This patch prevents truncating PC and NPC.

Signed-off-by: Eric Saint Etienne <eric.saint.etienne@oracle.com>
Reviewed-by: David Aldridge <david.j.aldridge@oracle.com>
Signed-off-by: Allen Pais <allen.pais@oracle.com>

sparc64: Use online cpus instead of present cpus during hotplug.

As per the hotplug documentation, online cpu maps should be
updated if cpu hotplug happens via sysfs. Thus, all other
cpu maps should be updated basd on the online cpus instead
of present cpus. The following example illustrates the issue
if cpu maps are updated based on present cpus.

Before the fix on a T7-2:

[root@ca-sparc64 hackbench]#
cat /sys/devices/system/cpu/cpu0/topology/thread_siblings_list
0-7
[root@ca-sparc64 hackbench]# echo 0 > /sys/devices/system/cpu/cpu0/online
[root@ca-sparc64 hackbench]# echo 0 > /sys/devices/system/cpu/cpu2/online
[root@ca-sparc64 hackbench]#
cat /sys/devices/system/cpu/cpu1/topology/thread_siblings_list
1,3-7
[root@ca-sparc64 hackbench]#
cat /sys/devices/system/cpu/cpu1/topology/core_siblings_list
1,3-255

[root@ca-sparc64 hackbench]# echo 1 > /sys/devices/system/cpu/cpu2/online
[root@ca-sparc64 hackbench]#
cat /sys/devices/system/cpu/cpu1/topology/core_siblings_list
0-255
[root@ca-sparc64 hackbench]#
cat /sys/devices/system/cpu/cpu1/topology/thread_siblings_list
0-7
This is wrong because cpu0 is still offline.

After the fix:
[root@ca-sparc64 hackbench]#
cat /sys/devices/system/cpu/cpu1/topology/core_siblings_list
1-255
[root@ca-sparc64 hackbench]#
cat /sys/devices/system/cpu/cpu1/topology/thread_siblings_list
1-7

Orabug: 25472256

Signed-off-by: Atish Patra <atish.patra@oracle.com>
Reviewed-by: Chris Hyser <chris.hyser@oracle.com>
Signed-off-by: Allen Pais <allen.pais@oracle.com>

sparc64: Update cpumaps correctly during hotplug.

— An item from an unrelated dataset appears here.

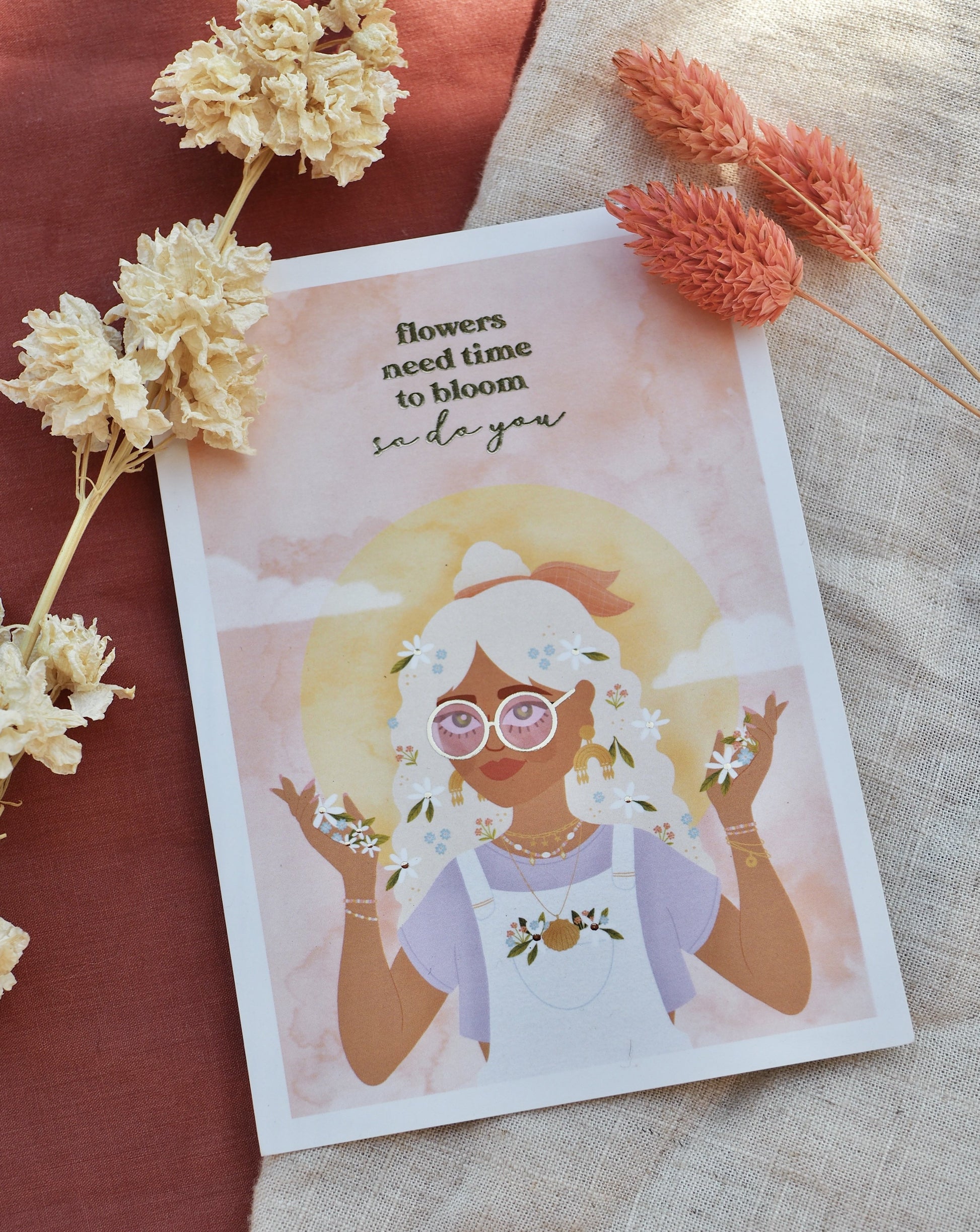 Carte Postale 10,5 x 14,8 cm avec dorure à chaud • Illustration "Time to Bloom"

Currently,numa_cpu_mask is not updated when cpus are
hotplugged resulting incorrect number of cpus reported
by lscpu/numactl. Moreover, cpu_core_sib_cache_map is
also not cleared when cpu goes offline.

Update both the masks correctly whenever cpu goes online/
offline.

Orabug: 25144324

Signed-off-by: Atish Patra <atish.patra@oracle.com>
Reviewed-by: Allen Pais <allen.pais@oracle.com>
Signed-off-by: Allen Pais <allen.pais@oracle.com>

sparc: fix intermittent LDom hang waiting for vdc_port_up

When an LDom boots, sunvdc probes the disk using the LDC channel.
If the channel was previously configured, we need to wait for
the channel state to change from UP to RESETTING so that the
seqid is properly reset in the primary. Otherwise the primary
will expect that the ldc packet contains a seqid other than 0.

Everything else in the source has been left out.